これだけの病状なのにこんなのは障害じゃないと指定医に紹介もしてもらえずにドクハラの医師により制度の谷間に落とされた。指定医にやっとたどり着けてもこの病状が認められず右足の麻痺のみしか障害にならなかった。

 

障害者と健常者の狭間では介護がちゃんと受けられずきつかったので障害者として生きるために頑張ったのに私の身体障害者手帳は4級である。

そもそも身体障害者手帳を取得するには、

手帳の診断書を書ける医師が都道府県知事から指定された指定医のみという決まりになっています。精神障害者手帳と違いものすごく曖昧でややこしいのです。自分の住んでいる県や府など都道府県のホームページに書いていなければ県庁府庁などにお問い合わせください。

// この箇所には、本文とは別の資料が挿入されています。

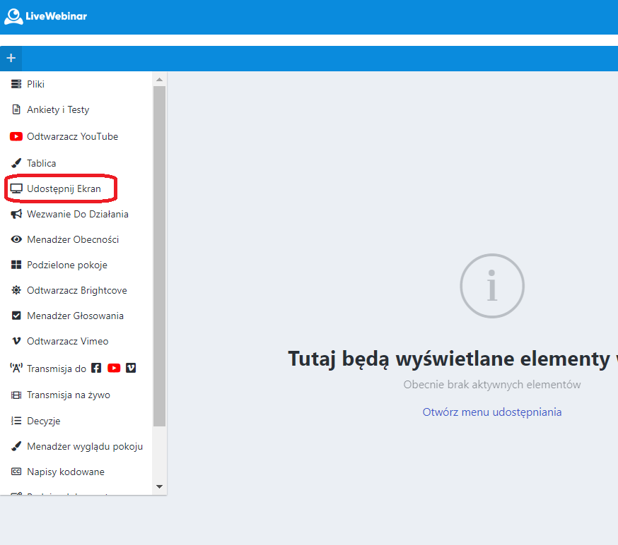 Dzielenie Ekranu jest funkcjonalnością, która jest dostępna jedynie dla Uczestnika z rolą
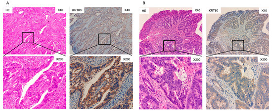 Immunohistochemical staining of KRT80 in CRC clinical specimens. Hematoxylin and eosin (HE) staining and KRT80 immunohistochemical staining in two colorectal cancer patients: (A) female aged 75 years with stage IV CRC, (B) male aged 82 years with stage IIIC CRC. The slides on the left show HE staining, and those on the right side show KRT80 immunohistochemical staining at 40× (upper) and 200× (lower) magnifications. KRT80 immunohistochemical staining showed that staining was confined to cancer tissues, with no staining in the stroma or mucus components.
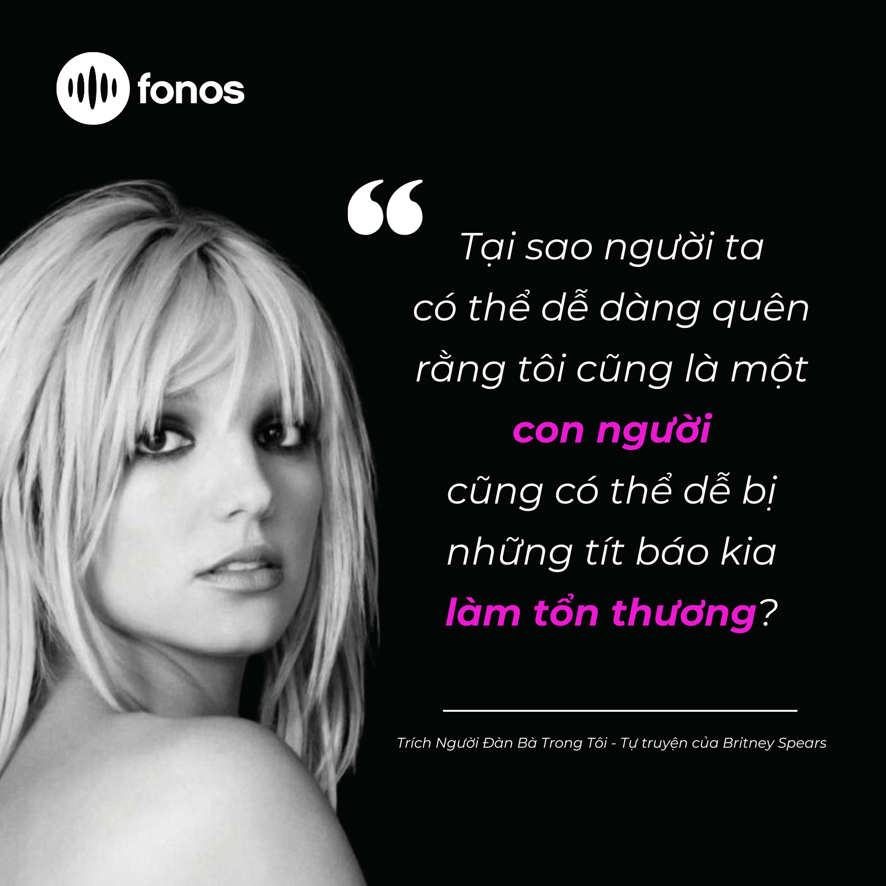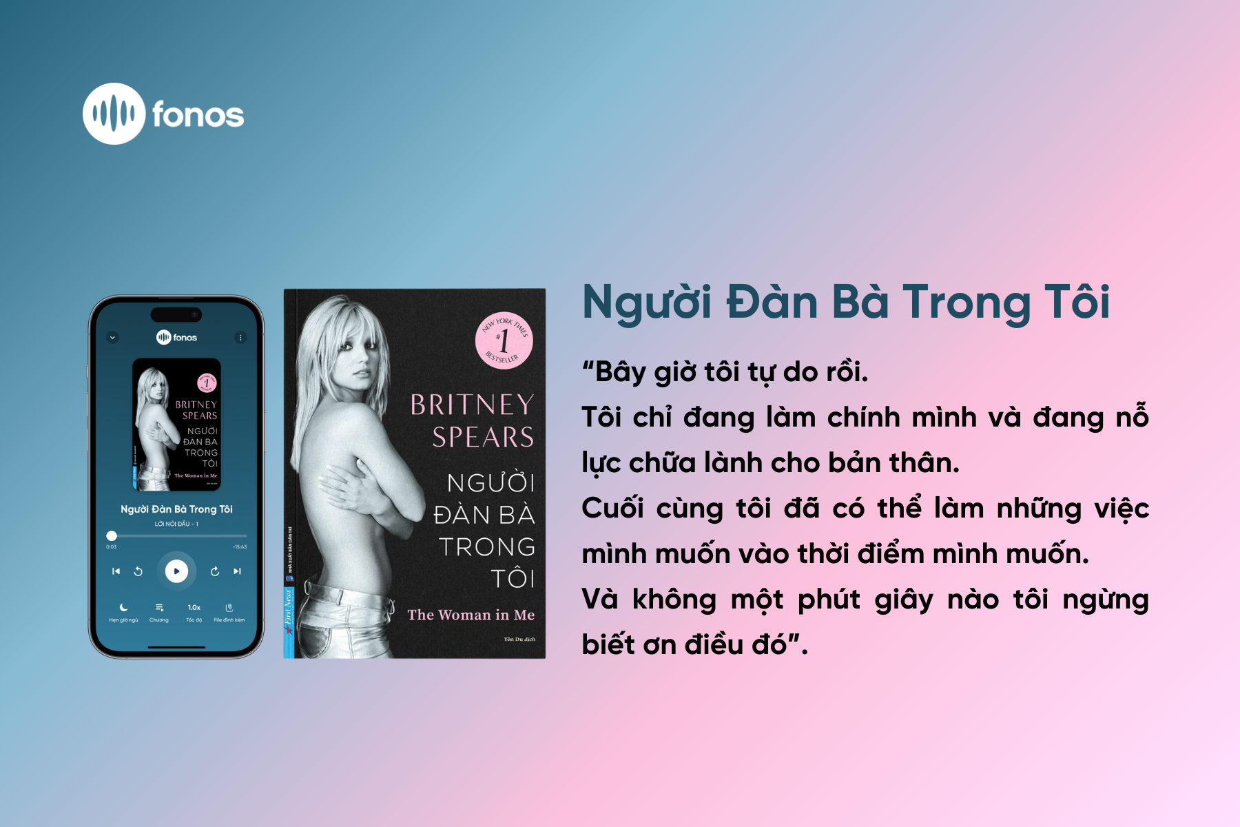 Chiều 19-4, tại TPHCM, trong khuôn khổ Hội Sách Thành phố Hồ Chí Minh, Ứng dụng sách nói Fonos và First News Trí Việt cùng tổ chức chương trình giao lưu ra mắt phiên bản sách giấy và sách nói, tự truyện Người đàn bà trong tôi của ca sĩ Britney Spears.
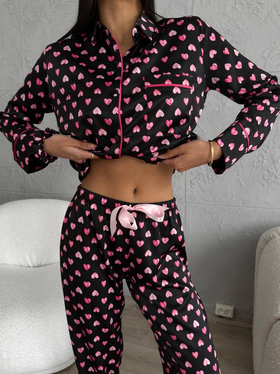Pijama damă din două piese , realizată din poliester de calitate, cu aspect de satin mat , ideală pentru confort și libertate de mișcare. Materialul are o textură fină, plăcută la atingere, oferind un look elegant și modern, perfect atât pentru somn, cât și pentru momentele de relaxare acasă. Setul este compus din bluză cu închidere frontală cu nasturi , guler clasic și buzunar aplicat, completată de pantaloni lungi cu croi lejer. Datorită proprietăților stretch, pijamaua se așază armonios pe corp, fără a crea disconfort. Deoarece are o croială lejeră, comandă mărimea exactă. Designul simplu, este ușor de integrat în garderoba de casă și potrivit pentru toate sezoanele. Detalii produs: Tip produs: Pijama damă Set: 2 piese + elastic pentru par Închidere: Nasturi Material: 95% Poliester, 5% Elastan Aspect material: Satin mat, stretch Croi: Lejer Lungime pantaloni: Lungă Instrucțiuni de întreținere: Spălare la maximum 30°C Program delicat / rufe sintetice Nu se înălbește Nu se usucă în uscător Țara de origine: Turcia Important : Culoarea produsului poate varia ușor datorită luminozității monitorului. Din cauza varietății instrumentelor de măsură, pot exista ușoare erori de cm, informațiile de mai sus sunt aproximative.

大阪府ですと、指定医の検索が病院や市、条件で検索できるようになっています。
大阪府身体障害者手帳 指定医師検索システム

 

指定医にたどり着くにも一苦労、指定医にたどり着いてもその指定医の見解によってもまた手帳が取れないこともあり、手帳は取れたけど級が低いなど数々の問題がありますね。

では健常者と障害者の中間の人を救う制度は?

平成28年4月1日から施行された障害者差別解消法
障害がある人もない人も差別をなくしてみんなが生きやすくしようという制度で、ここでいう障害者とは手帳がない人も含まれるようです。内閣府 障害者差別解消法

↑内閣府の障害を理由とする差別の解消の推進のpdfより

 

自立支援医療…こちらも特定の条件に合わないと受けられませんが…私が狭間なのに介護を受けられたのはこの制度のおかげです。脳腫瘍からのてんかんに助けられました。

 

障害者総合支援法…332疾患の難病に認められた患者のみ、体調の変化によって身体障害者手帳は取得出来なくても、悪化すると障害がある場合に使える制度です。手帳なしで福祉サービスが受けられるということ。厚生労働省 障害者総合支援法の対象疾病(難病等)と内容

 

ここに病名があって、手帳が取れず助けてもらえない方は一度この制度を使ってみては??

↑厚生労働省の対象疾患pdfより


 

↑20個も病気があるのに私が認められたのはてんかんと右手の痙攣のみ。この制度でも助からず谷間に落ちる人もいる。
先天性肢端紅痛症(したんこうつうしょう)だって難病という定義に入っているのにここには認められていない。こういう人がまだまだいっぱいいると思うのでこの制度があるからと言って満足してはいけない。

希少難病にとってはまだまだ長い闘いになりそうです。